Activity ▸ All records that follow are to be copied exactly, with images omitted.

Task material ▸
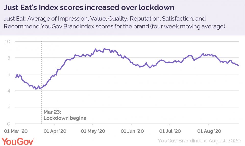 Even though restaurants have reopened – and with the added incentive of a discount through the Government’s Eat Out to Help Out scheme – Just Eat has held on to some of these gains. The company’s overall Index score was at 7.4 by August 21st, and while Purchase Intent has also fallen from its peak, it hit 8.6 on the same day; still meaningfully higher than it was at the beginning of lockdown. Across some metrics, customer opinion actually appears to have improved: Quality scores (a net measure of whether consumers think the brand represents good or poor quality) rose from 1.8 (March 23rd) to 5.3 (August 2nd).
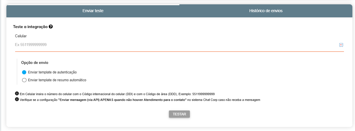 Caso ainda queira fazer um teste antes de ativar os recursos, no final da tela você tem um campo de teste, onde pode informar um número e escolher qual Template deseja testar, o de autenticação ou do resumo automático.
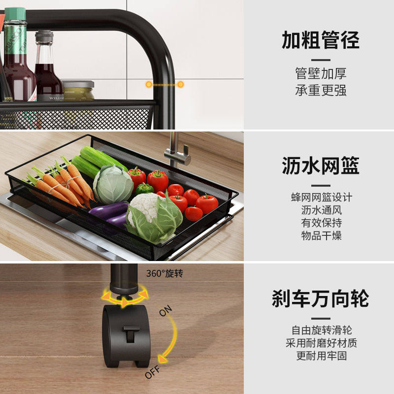 Storage racks for things, kitchen racks, floor-to-ceiling multi-layer movable household trolleys, storage storage racks, vegetables
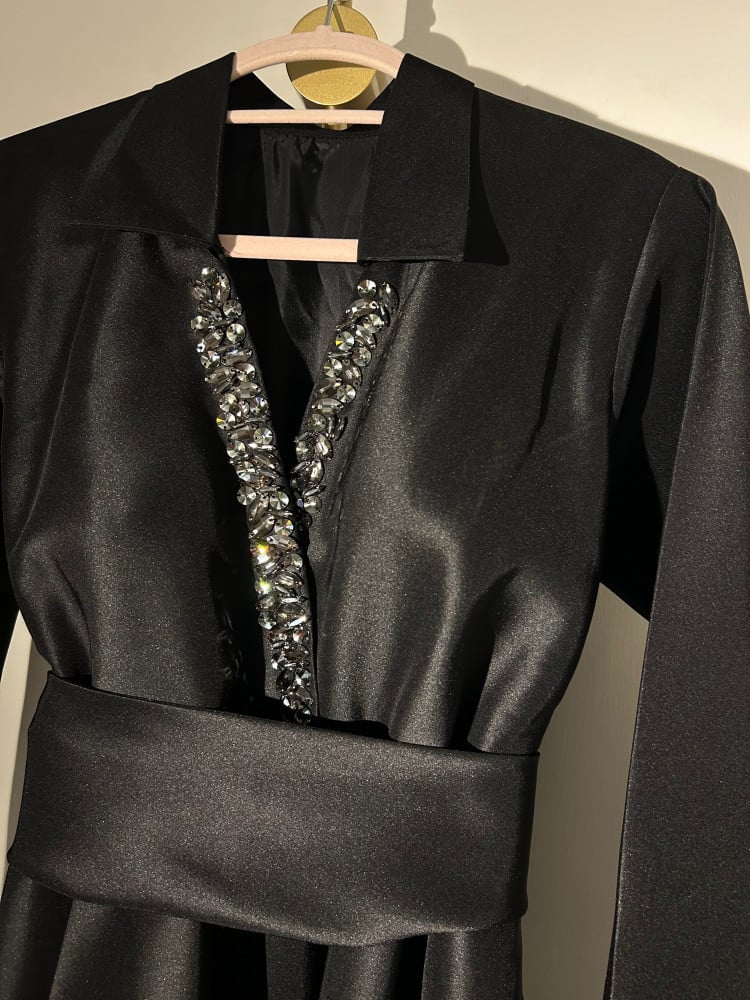 Equipped with a pocket at the end of the dress and an inner pocket
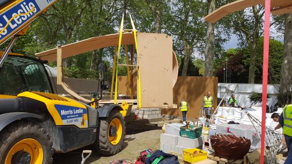 The Wave Pavilion is 300 cm high at the highest point by 164 cm deep by 488 cm long. It splits in two for transportation by lorry and can be manoeuvred on its strong wooden base.
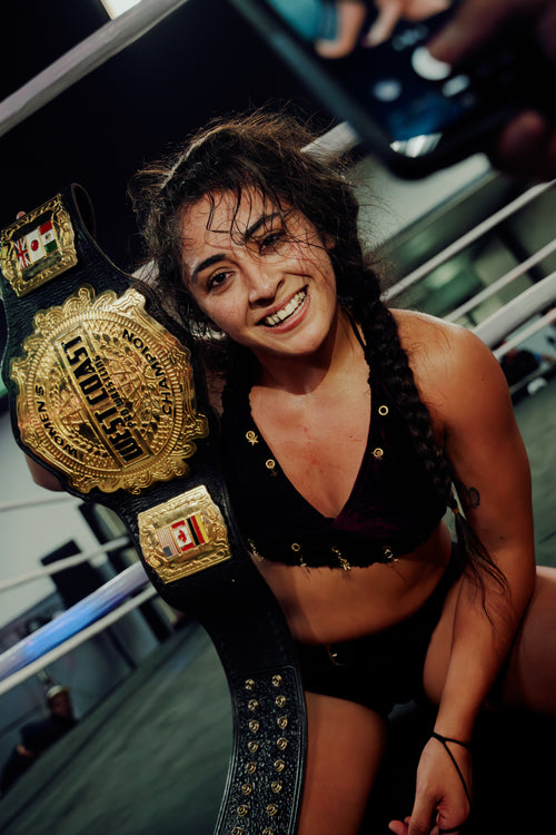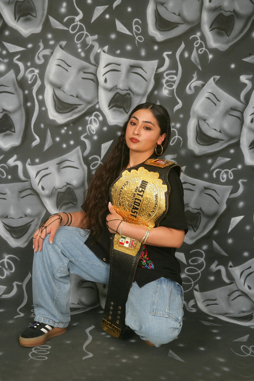 Signed 8x10 print of Johnnie Robbie in her garments. A stunning cultural portrait of a champion.
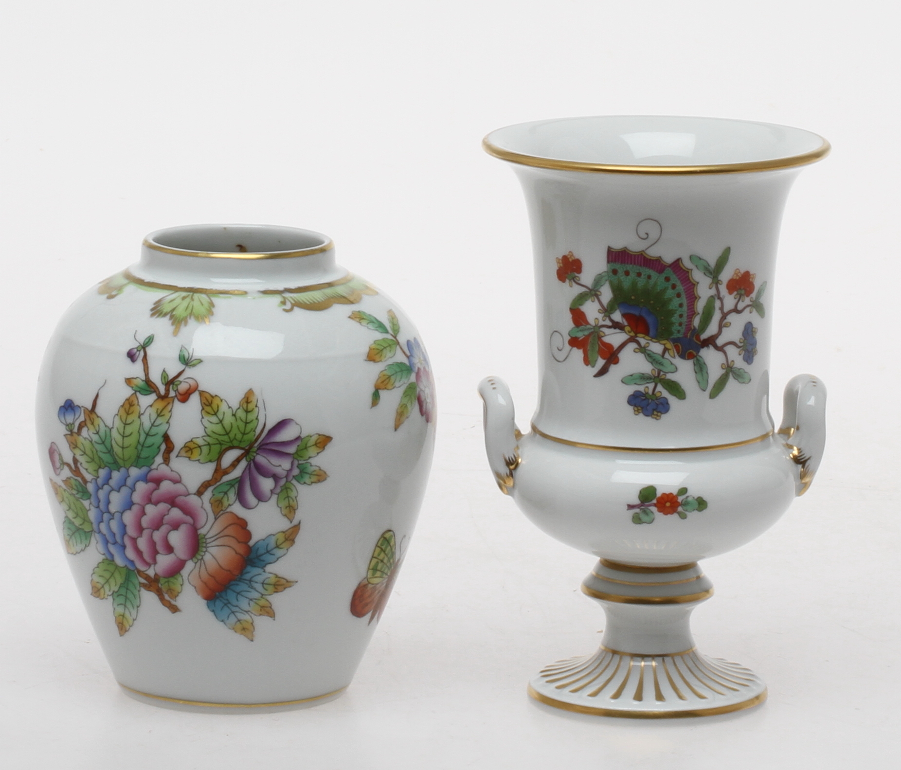 72111. URNOR, 2 stk, Meissen og Herend, 1900-tallet.
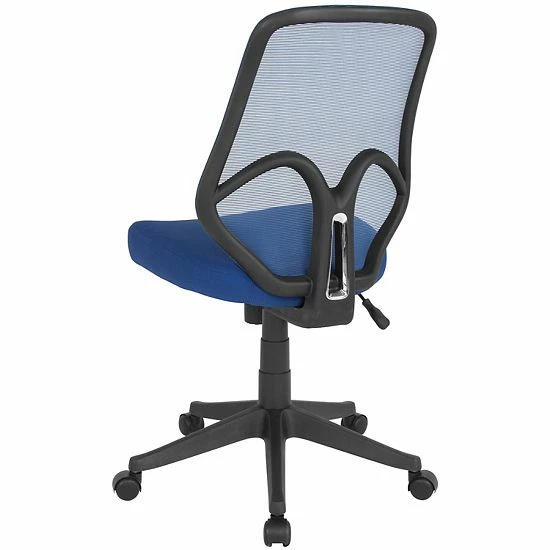 Breathe new life into your office, dorm or home office with this comfortable High Back Mesh Chair. The transparent mesh back allows air to circulate, keeping you cool no matter how high the pressure gets. The swivel seat is foam padded and has a waterfall front for leg comfort. Built-in lumbar support helps prevent back strain and muscle fatigue. Raise and lower the seat using the pneumatic seat height adjustment lever, conveniently located below the seat. The heavy-duty, nylon base with dual wheel casters makes it easy to roll across the floor. Whether you’re studying, browsing or on a tight deadline, this stylish chair will keep you cool and comfortable throughout your busy day.
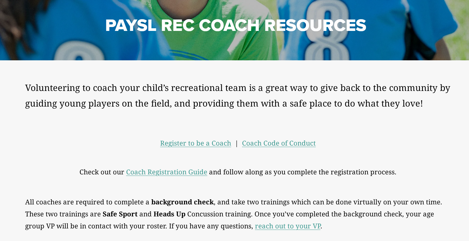 On the PAYSL website, go to the appropriate “resources” page. There are separate Codes of Conduct and registration links for Coaches and Managers so make sure you go to the correct one.
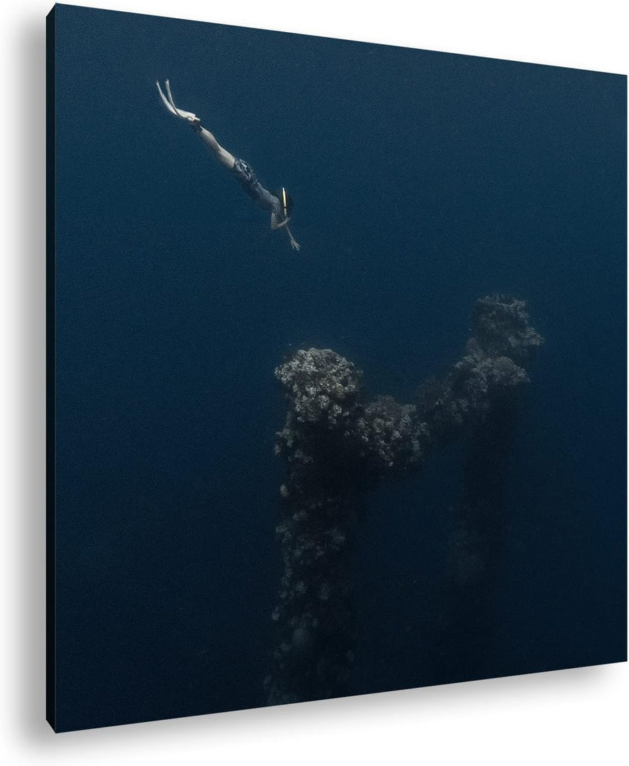 tiefer Tauchgang zum Meeresgrund Format: 60x60 als Leinwandbild, Motiv fertig gerahmt auf Echtholzra
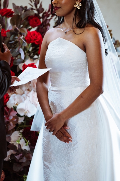 For herself, Dipti wore a stunning custom gown by Luci di Bella. “I went to several bridal design houses, but Luci was definitely the most personable and understanding of my design concept. I wanted my dress, particularly once the overskirt was removed after the ceremony, not to feel like a bridal gown and be simple and modern. Luci was able to make the most beautiful dress that met all of my requests!” she explained.
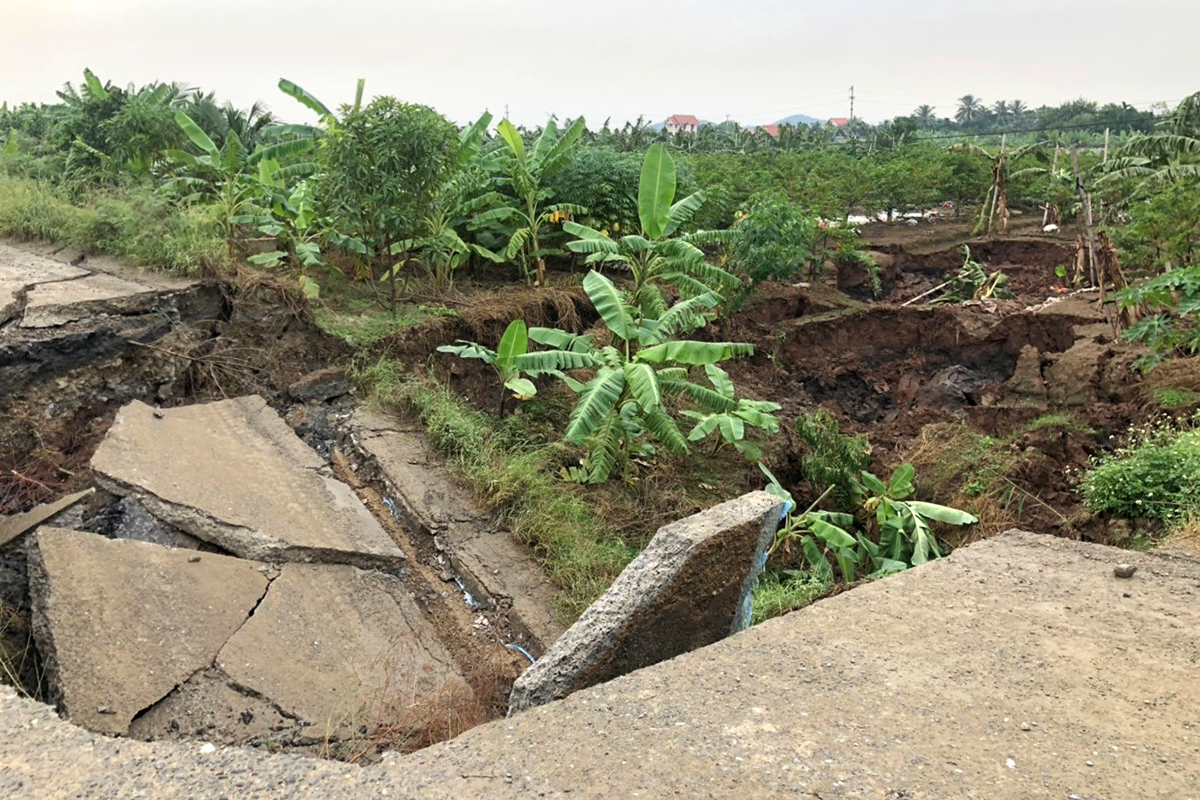 Ngày 30/10, ông Nguyễn Văn Chí – Chủ tịch UBND xã An Sơn, huyện Thủy Nguyên (Hải Phòng) - cho biết tại cánh đồng sản xuất nông nghiệp của người dân thôn 9 xuất hiện một hố sụt lún đất rộng hàng trăm mét vuông, cuốn theo nhiều cây ăn quả của một hộ gia đình và đánh sập đường bê tông liên thôn.
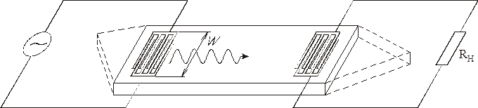 Чаще всего линия задержки ПАВ (ЛЗ ПАВ) представляет собой пьезокристаллическую пластину, на поверхности которой наносится (методом напыления в вакууме) два встречно-штыревых преобразователя, служащие для преобразования подводимой к ним электромагнитной энергии в ПАВ и наоборот (см. рисунок 12).
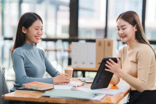 businesswoman, collaboration, teamwork, asian ethnicity, tablet, office, meeting, smiling, happy, communication, workplace, technology, discussing, project, planning, strategy, partnership, co-worker, colleague, desk, working, together, cheerful, positive, modern, workspace, indoor, corporate, professional, young adult, woman, adult, people, lifestyle, casual attire, business, job, occupation, employment, success, agreements, cooperation, discussion, brainstorming, analysing, studying, learning, education, book
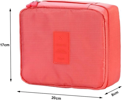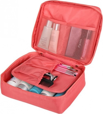 Тази практична козметична чанта предлага просторно основно отделение заедно с два мрежести джоба. Разделителят е със самозалепваща лента (велкро) и позволява увеличаване на капацитета. Идеална за пътуване, тъй като заема минимално място.
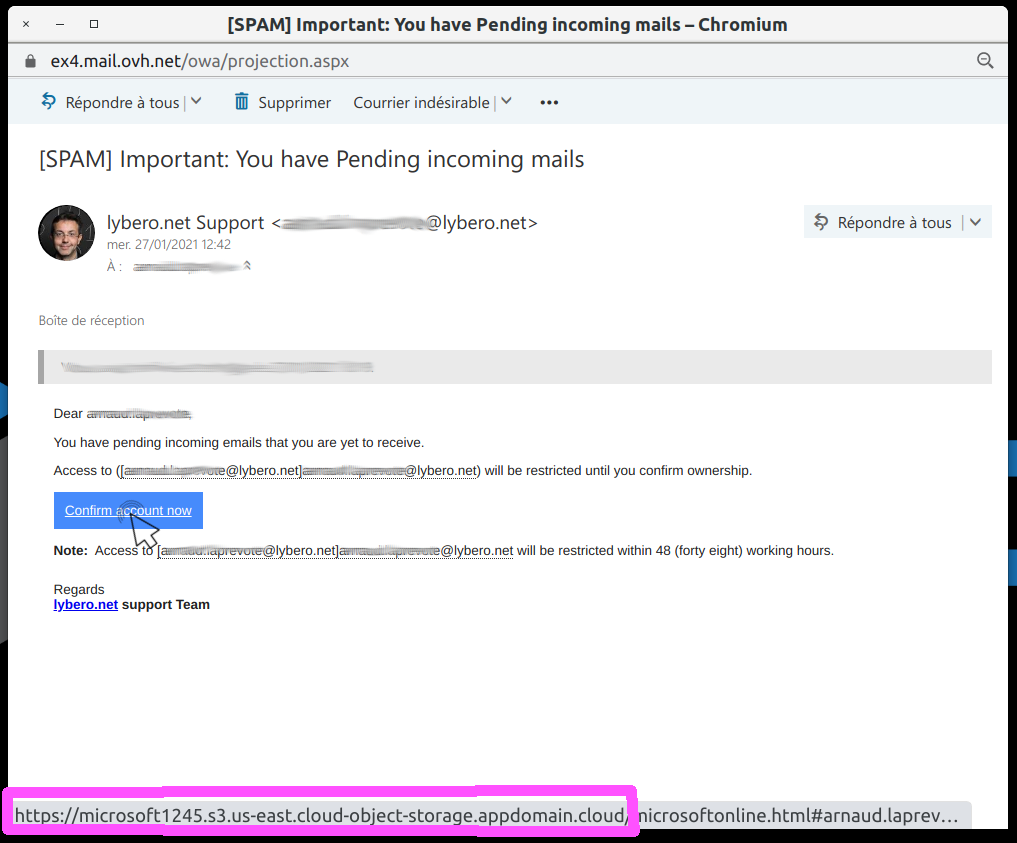 Avec un lien sur « Confirm account now ». Ce message est professionnel, bien fait et trompeur. Lybero.net pourrait envoyer un message de ce type là.
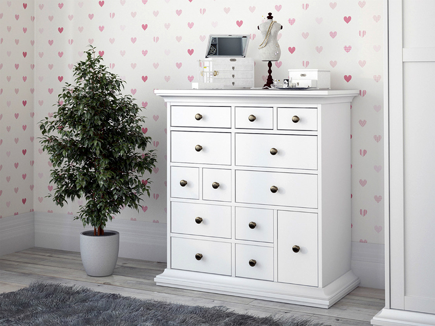 Ang dibdib ng mga drawer ay isang hiwalay na uri ng mga kasangkapan sa bahay na ito. Dinisenyo ito upang mag-imbak ng iba't ibang maliliit na bagay sa anyo ng mga kagamitan sa pagsulat, mga laruan o kosmetiko. Ang mga subspecie ng pagpipiliang ito ay isang dresser-bureau, na naglalaman ng isang malaking bilang ng mga maliliit na drawer kung saan nakaimbak ng mga alahas, titik, dokumento at iba pang mahahalagang bagay.
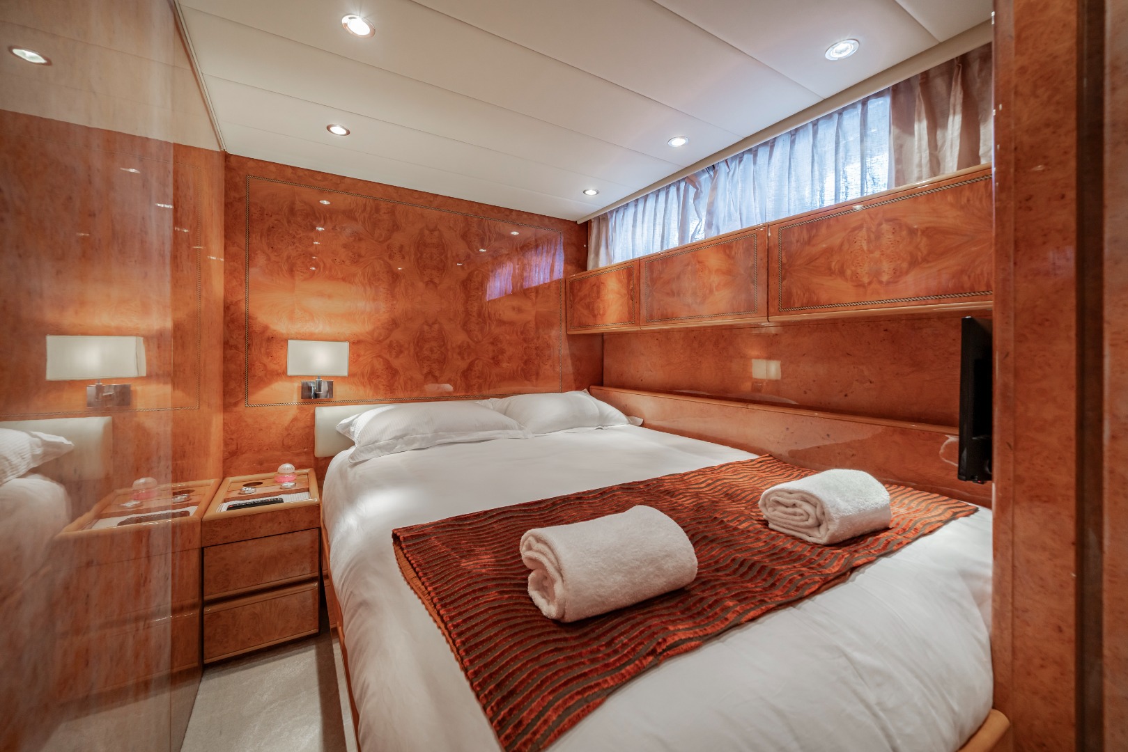 There are three double cabins, all with ensuite bathroom facilities. The suites are decorated with warm gloss wood panelling and comfortable soft furnishings.
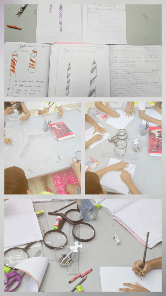 The children were actively involved, shared their ideas confidently, and showed a good understanding of how screws work.
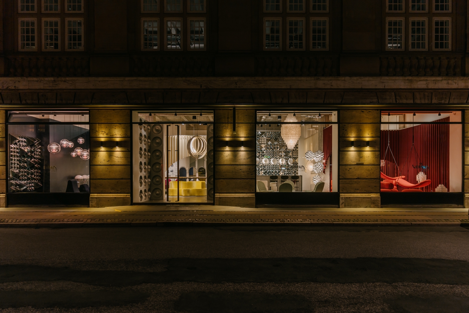 The showroom is located in a classic old property on the central Copenhagen. As one of the first concrete buildings in Copenhagen the space has an industrial look and feel to it.

Exercise output ▸
 Even though restaurants have reopened – and with the added incentive of a discount through the Government’s Eat Out to Help Out scheme – Just Eat has held on to some of these gains. The company’s overall Index score was at 7.4 by August 21st, and while Purchase Intent has also fallen from its peak, it hit 8.6 on the same day; still meaningfully higher than it was at the beginning of lockdown. Across some metrics, customer opinion actually appears to have improved: Quality scores (a net measure of whether consumers think the brand represents good or poor quality) rose from 1.8 (March 23rd) to 5.3 (August 2nd).
 Caso ainda queira fazer um teste antes de ativar os recursos, no final da tela você tem um campo de teste, onde pode informar um número e escolher qual Template deseja testar, o de autenticação ou do resumo automático.
 Storage racks for things, kitchen racks, floor-to-ceiling multi-layer movable household trolleys, storage storage racks, vegetables
 Equipped with a pocket at the end of the dress and an inner pocket
 The Wave Pavilion is 300 cm high at the highest point by 164 cm deep by 488 cm long. It splits in two for transportation by lorry and can be manoeuvred on its strong wooden base.
 Signed 8x10 print of Johnnie Robbie in her garments. A stunning cultural portrait of a champion.
 72111. URNOR, 2 stk, Meissen og Herend, 1900-tallet.
 Breathe new life into your office, dorm or home office with this comfortable High Back Mesh Chair. The transparent mesh back allows air to circulate, keeping you cool no matter how high the pressure gets. The swivel seat is foam padded and has a waterfall front for leg comfort. Built-in lumbar support helps prevent back strain and muscle fatigue. Raise and lower the seat using the pneumatic seat height adjustment lever, conveniently located below the seat. The heavy-duty, nylon base with dual wheel casters makes it easy to roll across the floor. Whether you’re studying, browsing or on a tight deadline, this stylish chair will keep you cool and comfortable throughout your busy day.
 On the PAYSL website, go to the appropriate “resources” page. There are separate Codes of Conduct and registration links for Coaches and Managers so make sure you go to the correct one.
 tiefer Tauchgang zum Meeresgrund Format: 60x60 als Leinwandbild, Motiv fertig gerahmt auf Echtholzra
 For herself, Dipti wore a stunning custom gown by Luci di Bella. “I went to several bridal design houses, but Luci was definitely the most personable and understanding of my design concept. I wanted my dress, particularly once the overskirt was removed after the ceremony, not to feel like a bridal gown and be simple and modern. Luci was able to make the most beautiful dress that met all of my requests!” she explained.
 Ngày 30/10, ông Nguyễn Văn Chí – Chủ tịch UBND xã An Sơn, huyện Thủy Nguyên (Hải Phòng) - cho biết tại cánh đồng sản xuất nông nghiệp của người dân thôn 9 xuất hiện một hố sụt lún đất rộng hàng trăm mét vuông, cuốn theo nhiều cây ăn quả của một hộ gia đình và đánh sập đường bê tông liên thôn.
 Чаще всего линия задержки ПАВ (ЛЗ ПАВ) представляет собой пьезокристаллическую пластину, на поверхности которой наносится (методом напыления в вакууме) два встречно-штыревых преобразователя, служащие для преобразования подводимой к ним электромагнитной энергии в ПАВ и наоборот (см. рисунок 12).
 businesswoman, collaboration, teamwork, asian ethnicity, tablet, office, meeting, smiling, happy, communication, workplace, technology, discussing, project, planning, strategy, partnership, co-worker, colleague, desk, working, together, cheerful, positive, modern, workspace, indoor, corporate, professional, young adult, woman, adult, people, lifestyle, casual attire, business, job, occupation, employment, success, agreements, cooperation, discussion, brainstorming, analysing, studying, learning, education, book
 Тази практична козметична чанта предлага просторно основно отделение заедно с два мрежести джоба. Разделителят е със самозалепваща лента (велкро) и позволява увеличаване на капацитета. Идеална за пътуване, тъй като заема минимално място.
 Avec un lien sur « Confirm account now ». Ce message est professionnel, bien fait et trompeur. Lybero.net pourrait envoyer un message de ce type là.
 Ang dibdib ng mga drawer ay isang hiwalay na uri ng mga kasangkapan sa bahay na ito. Dinisenyo ito upang mag-imbak ng iba't ibang maliliit na bagay sa anyo ng mga kagamitan sa pagsulat, mga laruan o kosmetiko. Ang mga subspecie ng pagpipiliang ito ay isang dresser-bureau, na naglalaman ng isang malaking bilang ng mga maliliit na drawer kung saan nakaimbak ng mga alahas, titik, dokumento at iba pang mahahalagang bagay.
 There are three double cabins, all with ensuite bathroom facilities. The suites are decorated with warm gloss wood panelling and comfortable soft furnishings.
 The children were actively involved, shared their ideas confidently, and showed a good understanding of how screws work.
 The showroom is located in a classic old property on the central Copenhagen. As one of the first concrete buildings in Copenhagen the space has an industrial look and feel to it.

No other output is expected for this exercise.